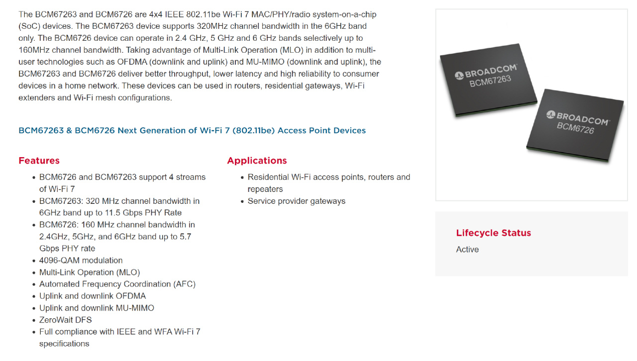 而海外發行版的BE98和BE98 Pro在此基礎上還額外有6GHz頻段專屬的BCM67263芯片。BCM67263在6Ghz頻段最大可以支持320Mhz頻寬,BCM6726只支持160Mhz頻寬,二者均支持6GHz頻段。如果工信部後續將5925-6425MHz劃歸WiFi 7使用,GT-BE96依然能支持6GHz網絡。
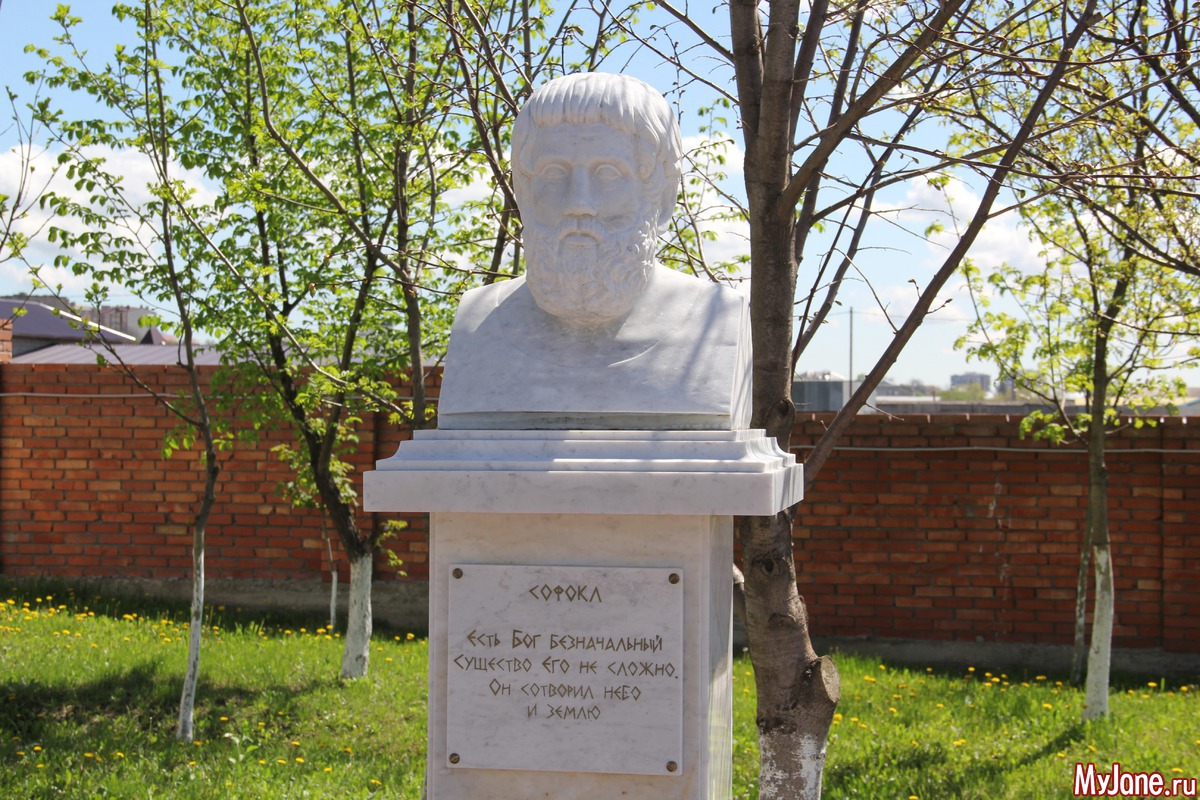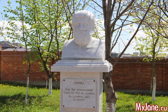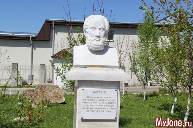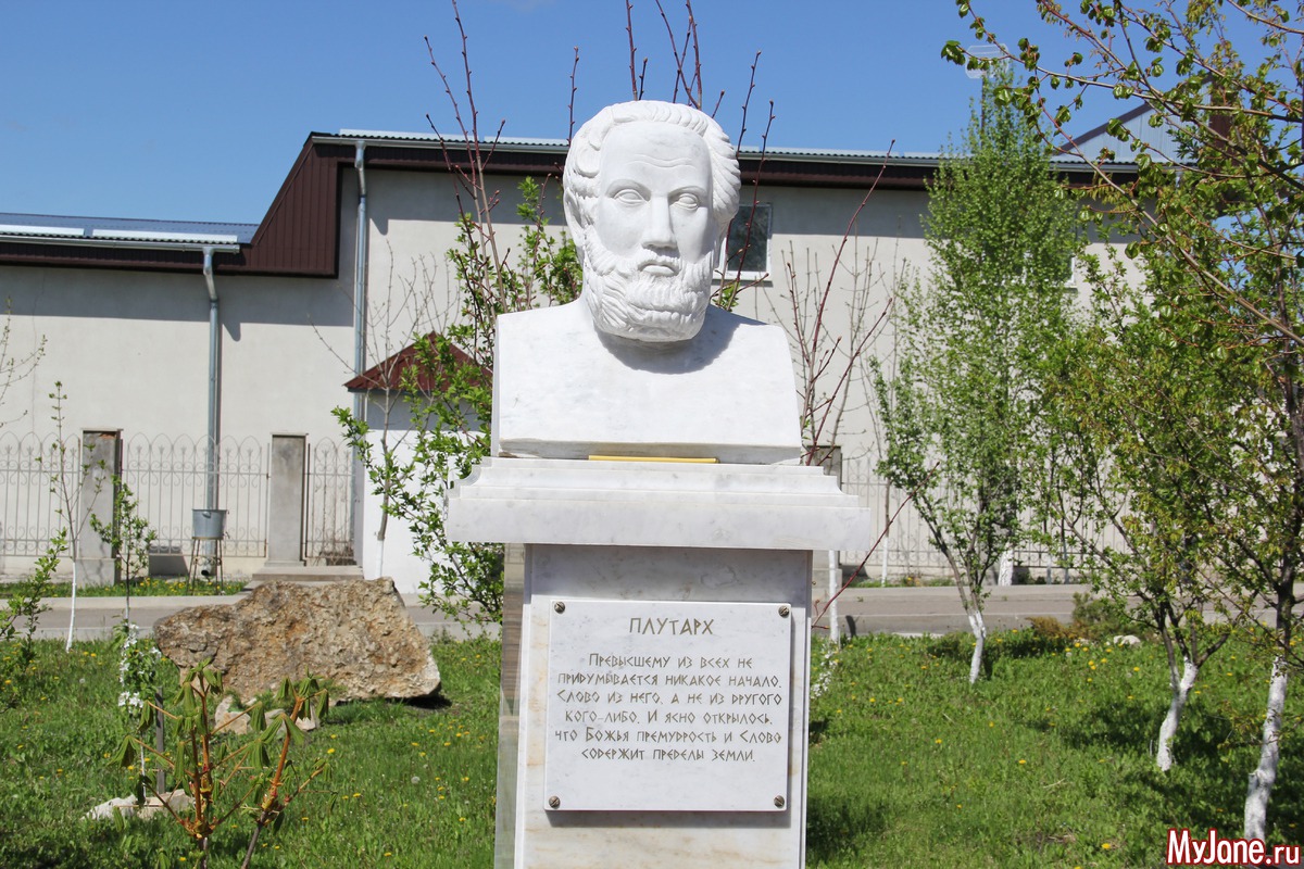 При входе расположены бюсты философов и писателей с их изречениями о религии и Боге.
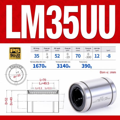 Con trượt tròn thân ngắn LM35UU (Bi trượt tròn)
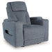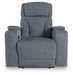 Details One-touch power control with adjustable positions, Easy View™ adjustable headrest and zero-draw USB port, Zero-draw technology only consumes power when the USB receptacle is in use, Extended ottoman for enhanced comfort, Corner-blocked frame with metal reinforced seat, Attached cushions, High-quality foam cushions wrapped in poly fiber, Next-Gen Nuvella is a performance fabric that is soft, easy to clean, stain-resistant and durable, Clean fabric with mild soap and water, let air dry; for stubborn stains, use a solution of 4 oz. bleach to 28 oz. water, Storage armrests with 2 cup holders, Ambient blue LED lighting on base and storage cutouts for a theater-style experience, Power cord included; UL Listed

════════

## THE TASK
A faithful copy of all the lines above is needed, with the pictures omitted.

## FINAL ANSWER
 而海外發行版的BE98和BE98 Pro在此基礎上還額外有6GHz頻段專屬的BCM67263芯片。BCM67263在6Ghz頻段最大可以支持320Mhz頻寬,BCM6726只支持160Mhz頻寬,二者均支持6GHz頻段。如果工信部後續將5925-6425MHz劃歸WiFi 7使用,GT-BE96依然能支持6GHz網絡。
 При входе расположены бюсты философов и писателей с их изречениями о религии и Боге.
 Con trượt tròn thân ngắn LM35UU (Bi trượt tròn)
 Details One-touch power control with adjustable positions, Easy View™ adjustable headrest and zero-draw USB port, Zero-draw technology only consumes power when the USB receptacle is in use, Extended ottoman for enhanced comfort, Corner-blocked frame with metal reinforced seat, Attached cushions, High-quality foam cushions wrapped in poly fiber, Next-Gen Nuvella is a performance fabric that is soft, easy to clean, stain-resistant and durable, Clean fabric with mild soap and water, let air dry; for stubborn stains, use a solution of 4 oz. bleach to 28 oz. water, Storage armrests with 2 cup holders, Ambient blue LED lighting on base and storage cutouts for a theater-style experience, Power cord included; UL Listed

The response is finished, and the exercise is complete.